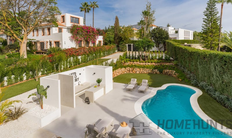 Outdoor Oasis: Indulge in the pleasures of a large outdoor pool accompanied by a jacuzzi and a chic chillout area. The meticulously designed outdoor space extends to an inviting outdoor kitchen and barbecue—a perfect setting for entertaining guests or enjoying intimate family moments.
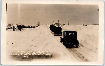 1929 Highland, Wisconsin RPPC Real Photo Postcard "15 Ft. of Snow on Highway 80"
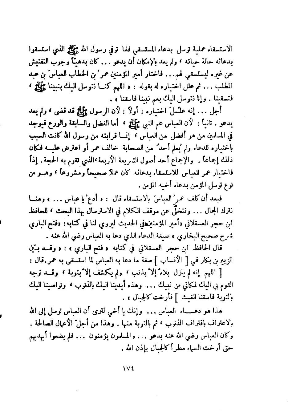 الاستسقاء عملية توسل بدعاء المستسقي فلما توفي رسول الله - صلى الله عليه وسلم - الذي استسقوا بدعائه حالة حياته ولم يعد بالإمكان أن يدعو ... كان بدهياً وجوب التفتيش عن غيره ليستسقي لهم ... فاختار أمير المؤمنين عمر بن الخطاب العباس بن عبد المطلب ... ثم علل اختياره له بقوله: ((اللهم كنا نتوسل إليك بنبينا - صلى الله عليه وسلم - فتسقينا. وإنا نتوسل إليك بعم نبينا فاسقنا)).
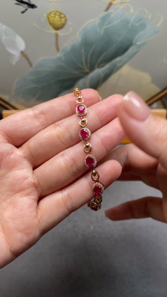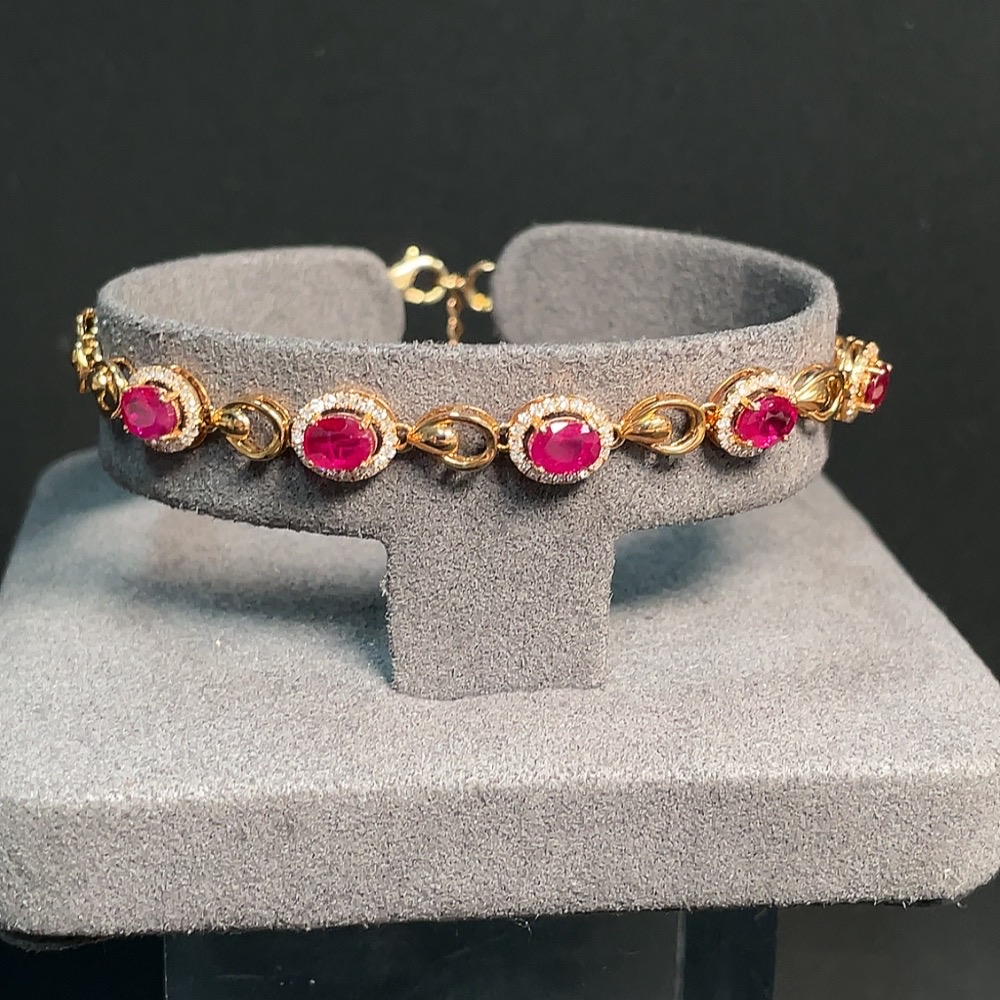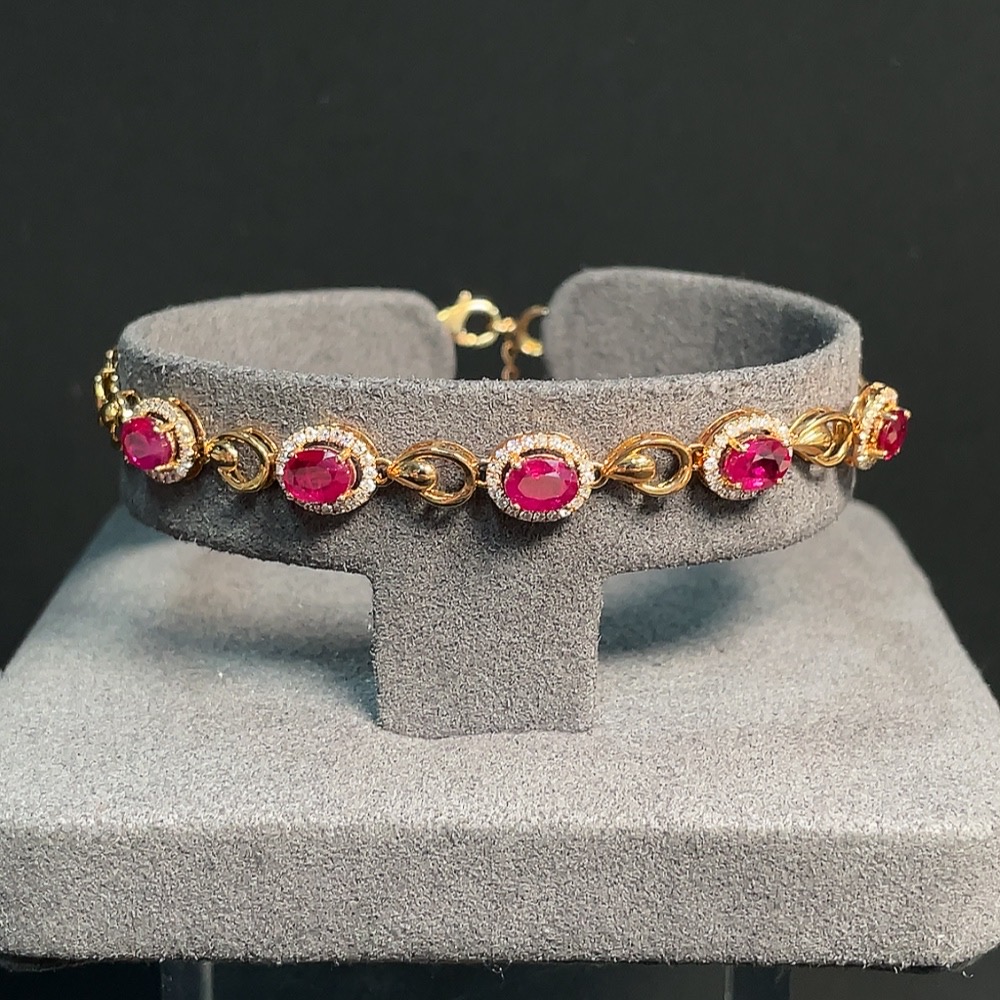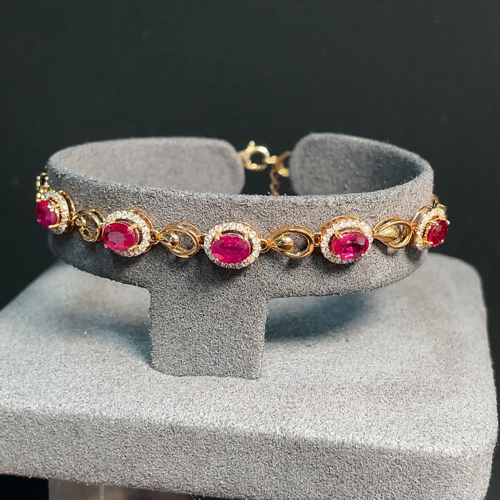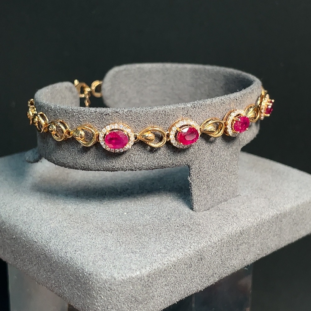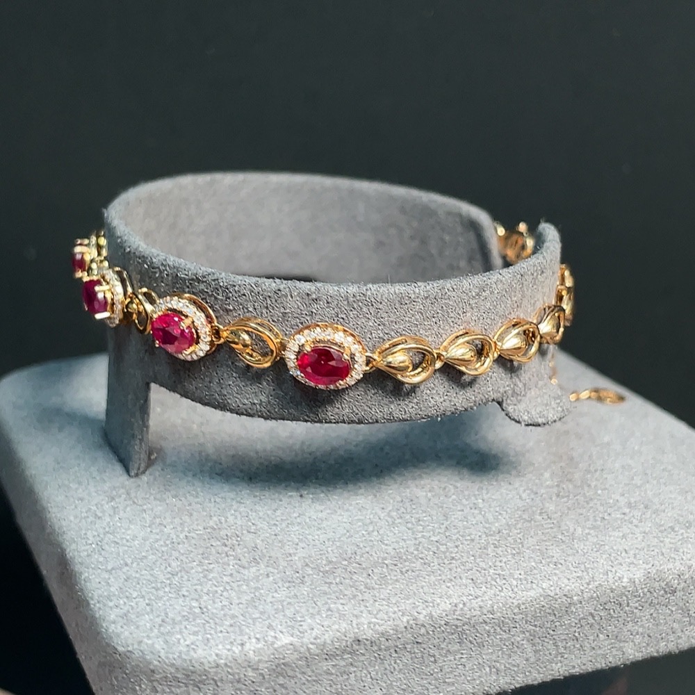Ruby Inlaid Bracelet 18k Gold Total Weight Approx. 6.06g Filled with Diamond Accents
■ ■ ■ ■
_WHAT IS NEEDED_
Every line from the one containing "الاستسقاء عملية توسل" to the last line of the material must be returned exactly. Leave out any pictures.

_EXERCISE RESPONSE_
 الاستسقاء عملية توسل بدعاء المستسقي فلما توفي رسول الله - صلى الله عليه وسلم - الذي استسقوا بدعائه حالة حياته ولم يعد بالإمكان أن يدعو ... كان بدهياً وجوب التفتيش عن غيره ليستسقي لهم ... فاختار أمير المؤمنين عمر بن الخطاب العباس بن عبد المطلب ... ثم علل اختياره له بقوله: ((اللهم كنا نتوسل إليك بنبينا - صلى الله عليه وسلم - فتسقينا. وإنا نتوسل إليك بعم نبينا فاسقنا)).
Ruby Inlaid Bracelet 18k Gold Total Weight Approx. 6.06g Filled with Diamond Accents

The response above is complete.